We are finding differences of up to 0.1 mag in some of the photometric calibrations of the disk and bulge fields with respect to 2MASS, which are not surprising. We note that eventually in these regions the VVV would be better calibrated and more homogeneous than 2MASS, because "The 2MASS Survey has no Level 1 Specifications in the Galactic Plane with regard to completeness, reliability, and photometric accuracy".

We would like to issue proper warnings about the specific version v1.1 released. For example, the data of this first release are well calibrated nightly and agree with 2MASS by design (in the cases that it does not we suspect that 2MASS is the problem). In addition, 2MASS and VVV should not exactly agree because filter profiles are different, and the transforms for this v1.1 are provided below.

Looking at the zeropoints, we include the J, H and Ks tiles in the release that are within 0.1 mag of the average (after correcting for the seasonal trend with time). However, the Z and Y calibrations are still imperfect, with their ZPs showing more scatter and in some cases 0.1 mag below the trends. The full global quality checks must wait for the future releases where we can use the overlap regions for every tile, and use sql searches to pick the regions with strange color-magnitude diagrams. Internally the photometry has enough counts to guarantee small scattering errors (~0.01 mag), but the external calibration in ZY is much more uncertain.

Note that even though the photometric and astrometric calibration is all done relative to 2MASS, with greater uncertainty in the Z and Y bands, the accuracy of these calibrations are field dependent (e.g. more uncertain in more crowded fields). In addition, the limiting magnitude achieved is different depending on the fields, and a deeper photometry could be achieved using other photometric techniques.

As an independent check, the photometry in overlapping regions of some tiles has been compared. These tests have confirmed that the 2MASS-based calibration strategy generally works well, and that the CASU photometry is accurate down to the limiting magnitudes for all filters, with larger scatter in the ZY filters.

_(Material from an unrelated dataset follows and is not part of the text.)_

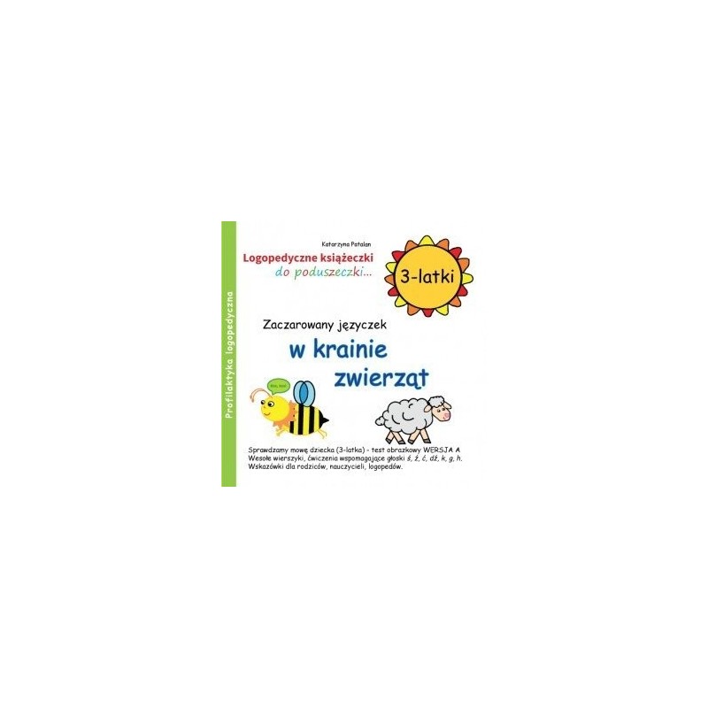 Książeczka Zaczarowany języczek w krainie zwierząt powinna znaleźć się na półce każdego trzylatka. Przede wszystkim dlatego, że zawiera materiał do wspierania aparatu mowy w postaci wesołych wierszyków, rymowanek wraz z ćwiczeniami buzi i języczka. Uczy rodziców jak rozpoznać nieprawidłowości w mówieniu (prosty test obrazkowy z opisem),  jak stymulować i rozwijać  mowę za pomocą kreatywnych opowiadań (loteryjka obrazkowa) oraz podaje przykłady ćwiczeń oddechowych, ćwiczeń głosowych i słuchowych. Pod wierszykami znajdują się wskazówki, dzięki którym rodzice będą wiedzieli jak ćwiczyć wraz z dzieckiem oraz jakie głoski wspieramy na dany wiek. Książeczki z tej serii na pewno przyniosą wiele radości i wspólnej dobrej zabawy. Cała zielona seria (trzy części) stanowi komplet ćwiczeń i zadań dla trzylatków.

The VVV saturation limit is typically Ks = 10 mag, but in high density fields like the in the Galactic center region it can be Ks=11 mag. For brighter magnitudes the 2MASS photometry should be preferred. The photometric limit is typically Ks=17.5, but in high density fields like the in the Galactic center region it can be Ks<16 mag (see FITS header keywords like ABMAGLIM, ABMAGSAT, etc). We note that PHOTZPERR=0.01 for most tiles, and this is due to the large number of calibrators (stddev/sqrt(N)) so it reflects internal consistency rather than accuracy. More realistic estimates of external errors will be provided in future releases when the complete data are available.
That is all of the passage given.